→ WHAT THIS TASK INVOLVES
Would you please restate the data exactly as it stands, apart from the pictures?

→ COLLECTED DATA
====
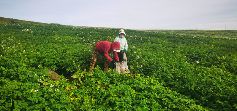 8月18日,金光辉、张桂芝老师前往牙克石,对合作薯业呼伦贝尔宏杉薯业有限公司进行种薯繁育和田间生产情况进行指导,指导企业进行马铃薯X、马铃薯Y病毒及其它病害防控,以提升种薯繁育质量。旨在提高种薯薯业的种薯繁育技术水平,帮扶薯业提高种薯产量和质量。
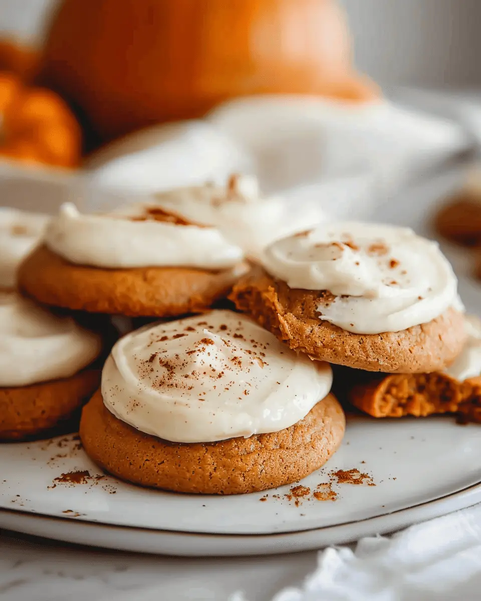 Delight in these easy pumpkin cookie recipes, featuring soft, chewy cookies topped with a luscious cream cheese frosting.
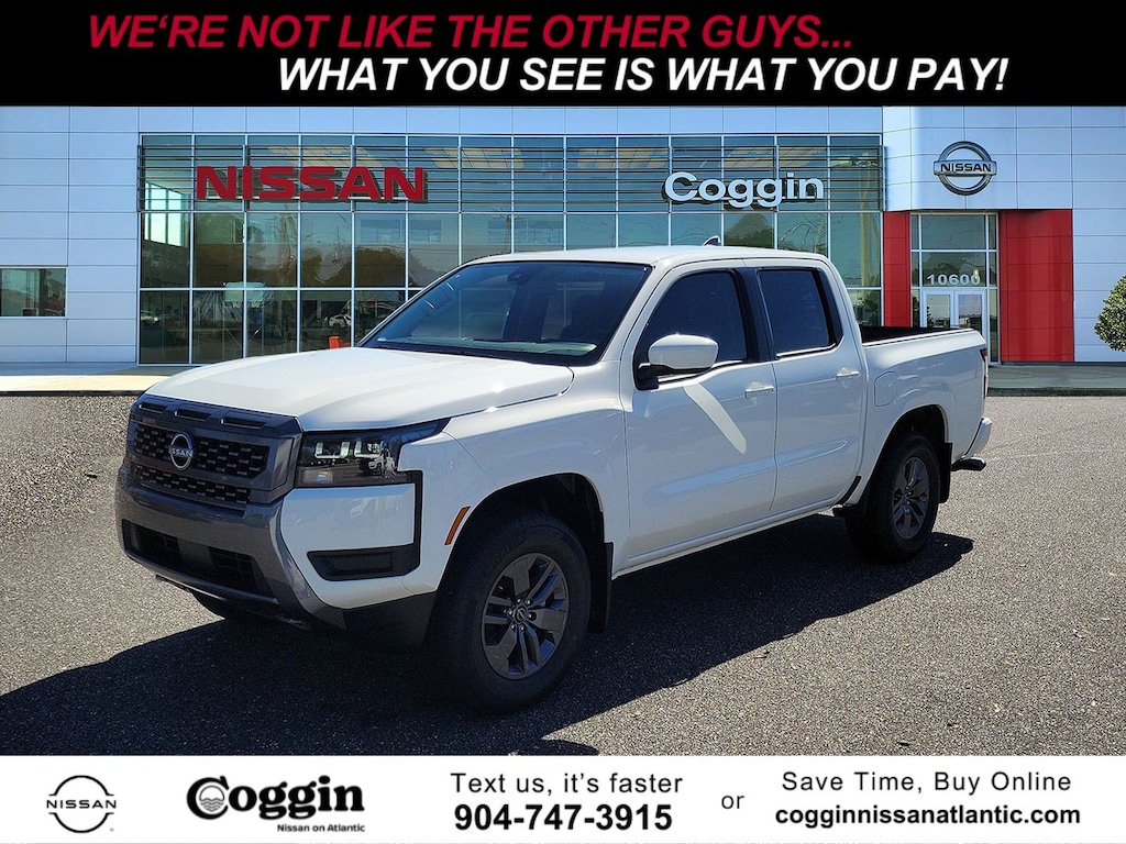 This 2026 Nissan Frontier SV will sell fast! This Frontier has many valuable options! Satellite radio. Aux. Audio Input. -Automatic Headlights -Security System -Keyless Entry -Steering Wheel Controls -Towing Package -Automatic Transmission -Alloy Wheels On top of that, it has many safety features! -Brake Assist -Traction Control -Stability Control Save money at the pump, knowing this Nissan Frontier gets 23.0/18.0 MPG! Call Coggin Nissan on Atlantic at (904) 747-3915 to confirm availability and schedule a no-obligation test drive! We are located at 10600 Atlantic Boulevard, Jacksonville, FL 32225.
====
→ WRITTEN RESPONSE
 8月18日,金光辉、张桂芝老师前往牙克石,对合作薯业呼伦贝尔宏杉薯业有限公司进行种薯繁育和田间生产情况进行指导,指导企业进行马铃薯X、马铃薯Y病毒及其它病害防控,以提升种薯繁育质量。旨在提高种薯薯业的种薯繁育技术水平,帮扶薯业提高种薯产量和质量。
 Delight in these easy pumpkin cookie recipes, featuring soft, chewy cookies topped with a luscious cream cheese frosting.
 This 2026 Nissan Frontier SV will sell fast! This Frontier has many valuable options! Satellite radio. Aux. Audio Input. -Automatic Headlights -Security System -Keyless Entry -Steering Wheel Controls -Towing Package -Automatic Transmission -Alloy Wheels On top of that, it has many safety features! -Brake Assist -Traction Control -Stability Control Save money at the pump, knowing this Nissan Frontier gets 23.0/18.0 MPG! Call Coggin Nissan on Atlantic at (904) 747-3915 to confirm availability and schedule a no-obligation test drive! We are located at 10600 Atlantic Boulevard, Jacksonville, FL 32225.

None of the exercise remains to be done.